R. I. Maidment, Department of Meteorology, University of Reading, Berkshire RG6 6BB, UK. E-mail: r.i.maidment@pgr.reading.ac.uk


The dependence of much of Africa on rainfed agriculture leads to a high vulnerability to fluctuations in rainfall amount. Hence, accurate monitoring of near-real time rainfall is particularly useful, for example in forewarning of possible crop shortfalls in drought-prone areas. Unfortunately, ground based observations are often inadequate. Rainfall estimates from satellite-based algorithms and numerical model outputs can fill this data gap, however rigorous assessment of such estimates is required. In this case, three satellite based products (NOAA-RFE 2.0, GPCP-1DD and TAMSAT) and two numerical model outputs (ERA-40 and ERA-Interim) have been evaluated for Uganda in East Africa using a network of 27 rain gauges. The study focuses on the years 2001–2005 and considers the main rainy season (February to June). All data sets were converted to the same temporal and spatial scales. Kriging was used for the spatial interpolation of the gauge data. All three satellite products showed similar characteristics and had a high level of skill that exceeded both model outputs. ERA-Interim had a tendency to overestimate whilst ERA-40 consistently underestimated the Ugandan rainfall.

1. Introduction

The economy of most African countries is dependent on rainfed agriculture and hence the African continent is highly sensitive to variations in rainfall amount. It follows that accurate measurement of rainfall should be a high priority in Africa. In spite of this, Africa has the lowest density of raingauges for any continent apart from Antarctica and operational radar installations are almost non-existent (Washington et al., 2006). Given the lack of ground based observations, indirectly calculated rainfall estimates from satellite imagery and Numerical Weather Prediction (NWP) model outputs assume greater importance. There are many satellite-based rainfall algorithms and many model products. Rigorous evaluation of these methods is necessary with a view both to operational uses of rainfall data and also to improving knowledge of the African rainfall climate. Perversely, the sparseness of ground based observations makes evaluation more difficult than elsewhere and comparisons must be carried out using methods which take due account of this problem.

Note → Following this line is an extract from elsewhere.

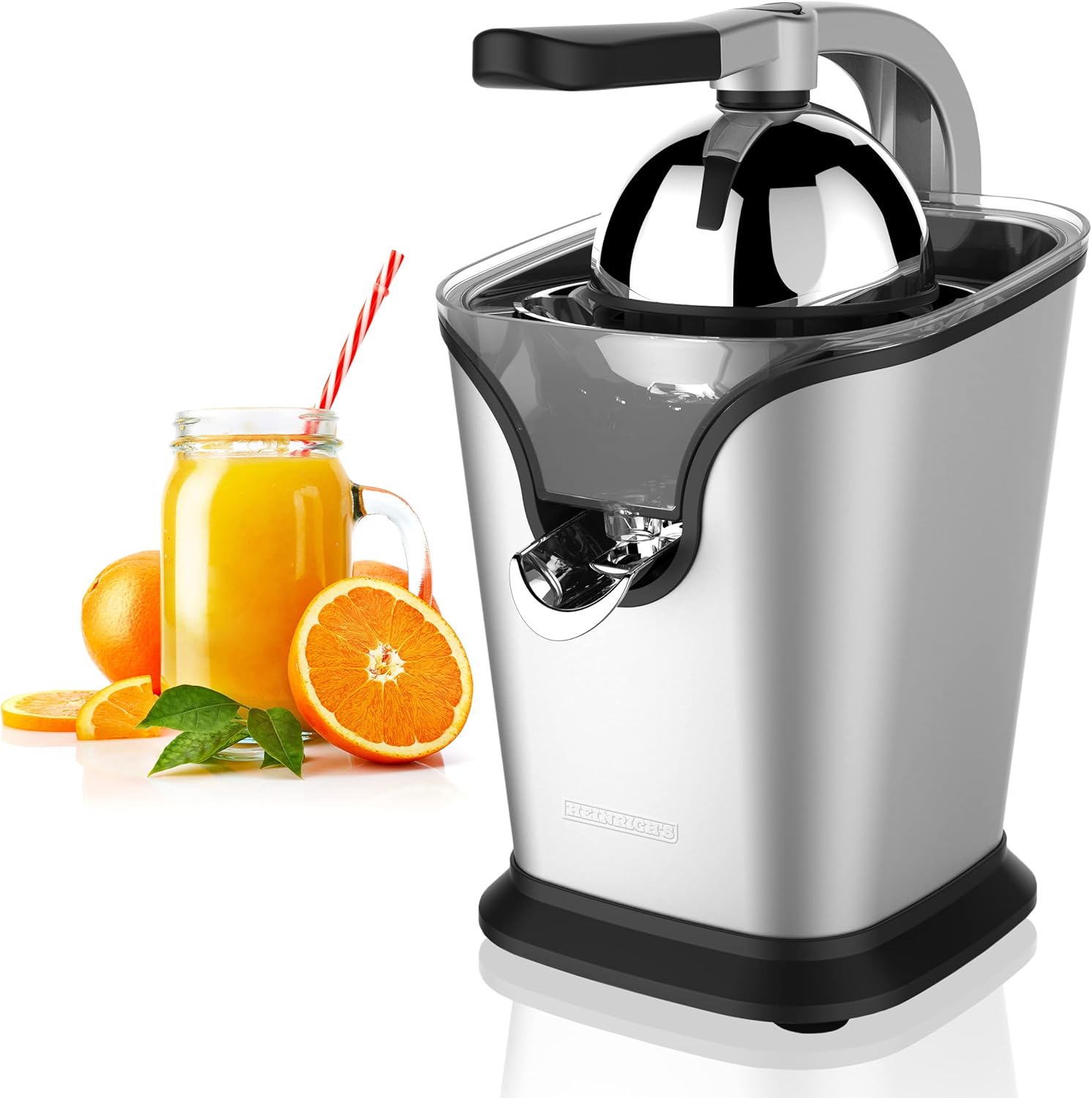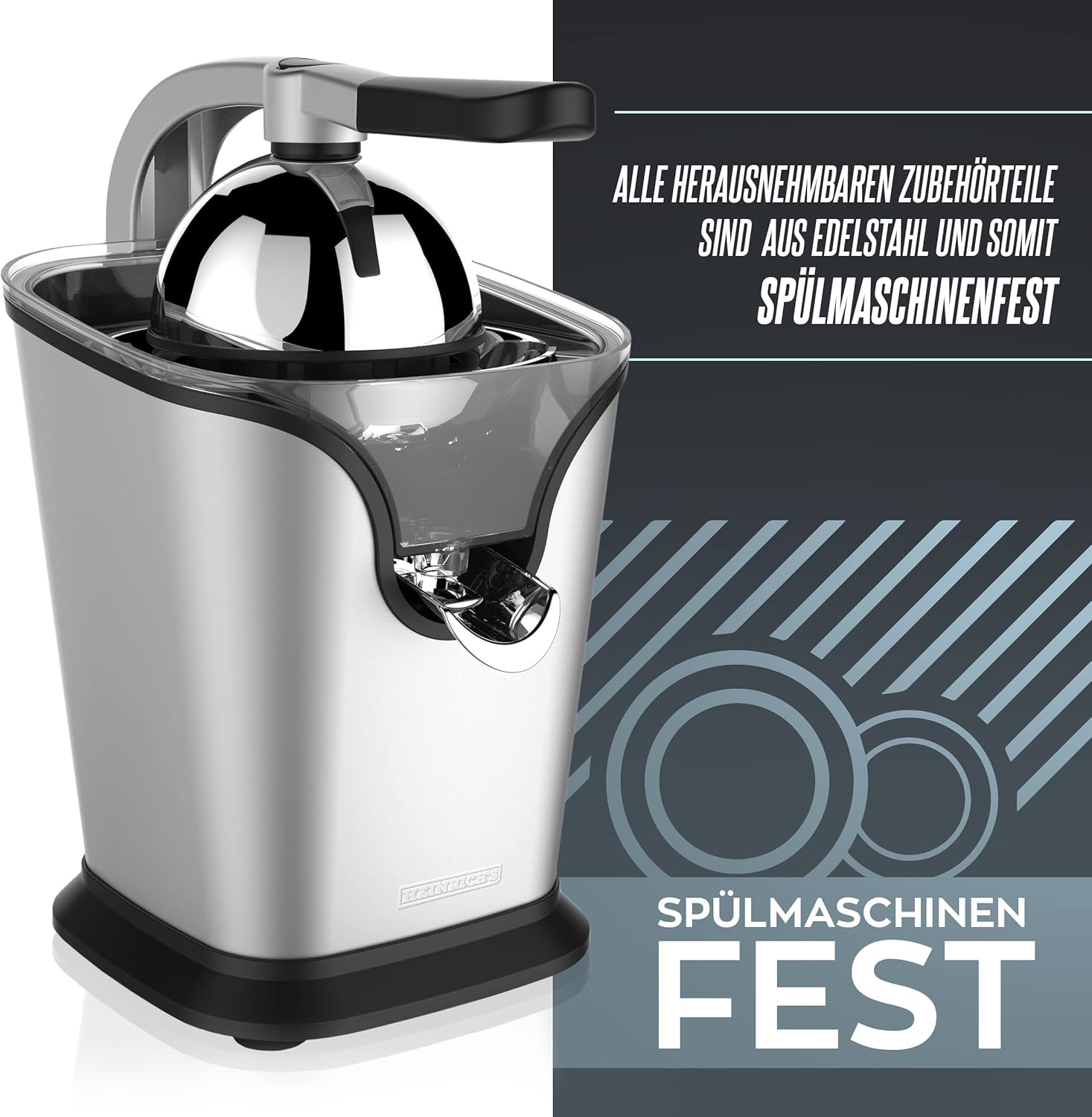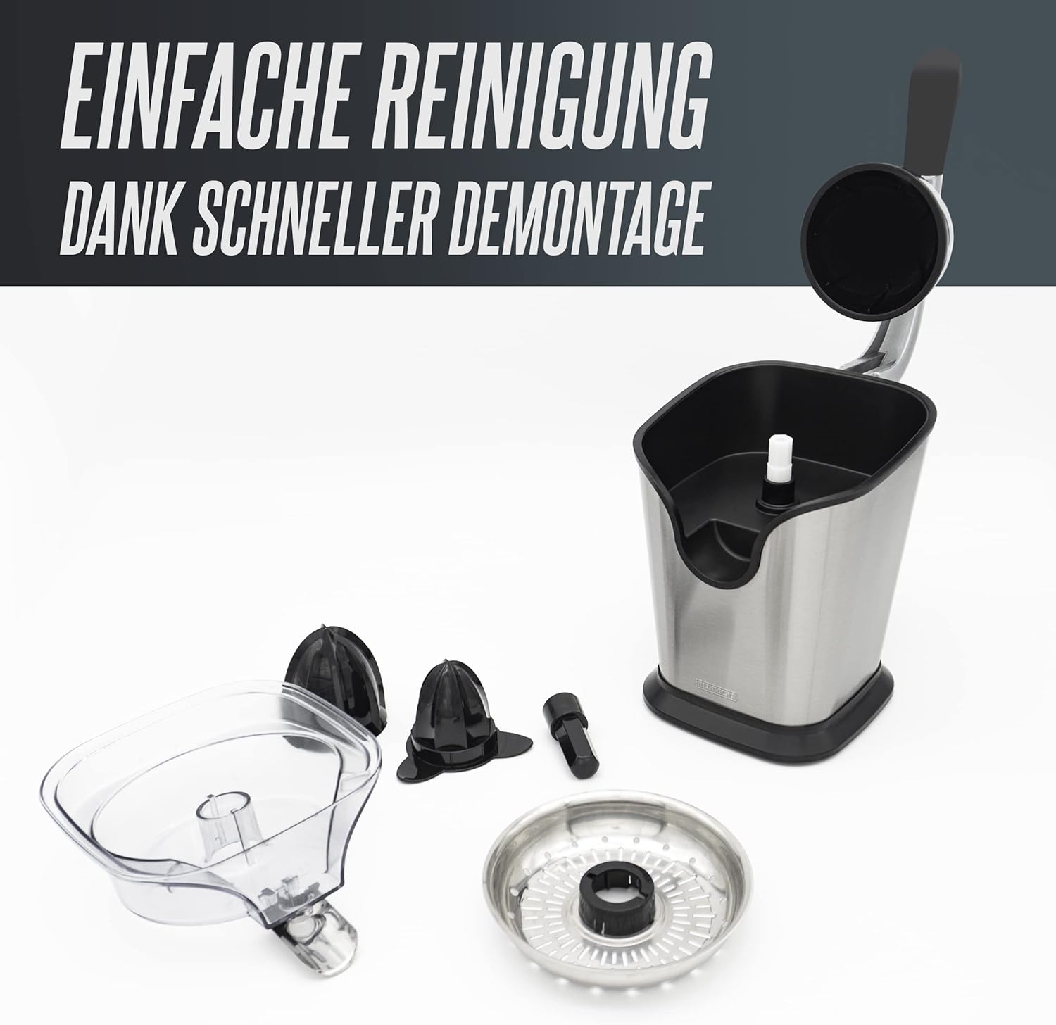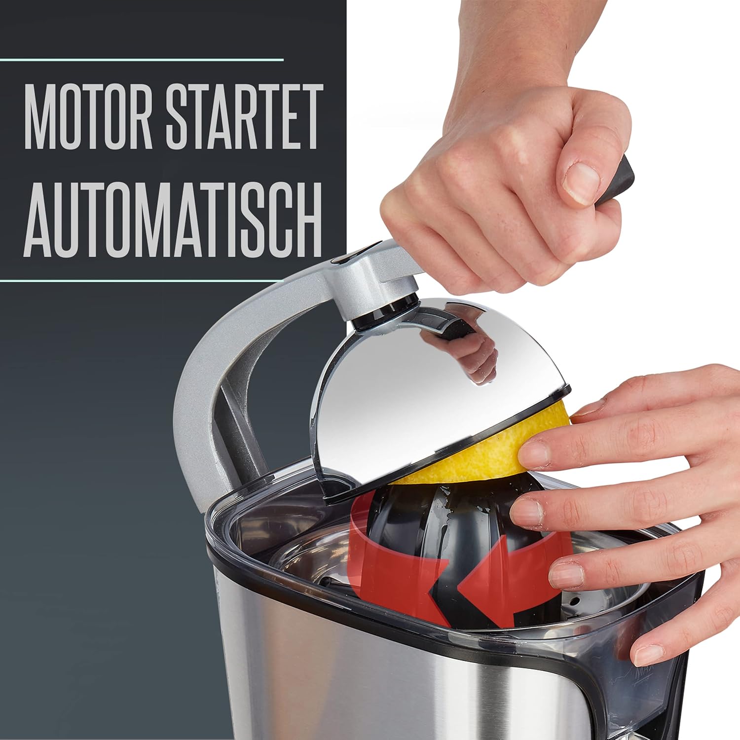 HEINRICHS elektrische Edelstahl Zitruspresse Juicer inkl. Fließstopfunktion professioneller Hebelarm rostfrei Universalaufsatz für Zitrusfrüchte Granatapfelpresse Saftpresse 100Watt, Heinrich´s Steel/Chrome | قیمت یورویی 63.9€

Unfortunately, only a few such evaluations have been performed for Africa. Studies of satellite algorithms include Thorne et al. (2001) for southern Africa, Ali et al. (2005) and Jobard et al. (2007) for the west African Sahel, and Dinku et al. (2007, 2008) for Ethiopia. Results from such studies show large differences in algorithm performance depending on season and local climate. For example the NOAA-RFE 2.0 algorithm performs well in west Africa (Jobard et al., 2007) but poorly in Ethiopia (Dinku et al., 2007). Conversely, the CMORPH algorithm shows good agreement with gauge data in Ethiopia but strongly underestimates rainfall amount in the Sahel. The variable performance may be explained by the strong spatial and temporal variations in climate related to the passage of the Inter-Tropical Convergence Zone (ITCZ), the influence of other large-scale climate features and the effects of oceans and topography. Algorithms which show consistent performance over a number of regions tend to be those which rely on local calibration, such as the TAMSAT algorithm (described in Section '3. Data and data preparation').

Evaluation of NWP model rainfall over Africa includes Poccard et al. (2000), Funk and Verdin (2003) and Diro et al. (2009). In general, these studies show that model products tend to be better when averaged over large areas (>106 km2) and time steps (monthly and longer), and perform worse at finer scales. The model rainfall estimates also tend to be less reliable in the tropics than in mid-latitudes. Where model products have been compared to satellite estimates, the satellite usually gives a more accurate representation of the rainfall relative to raingauge measurements.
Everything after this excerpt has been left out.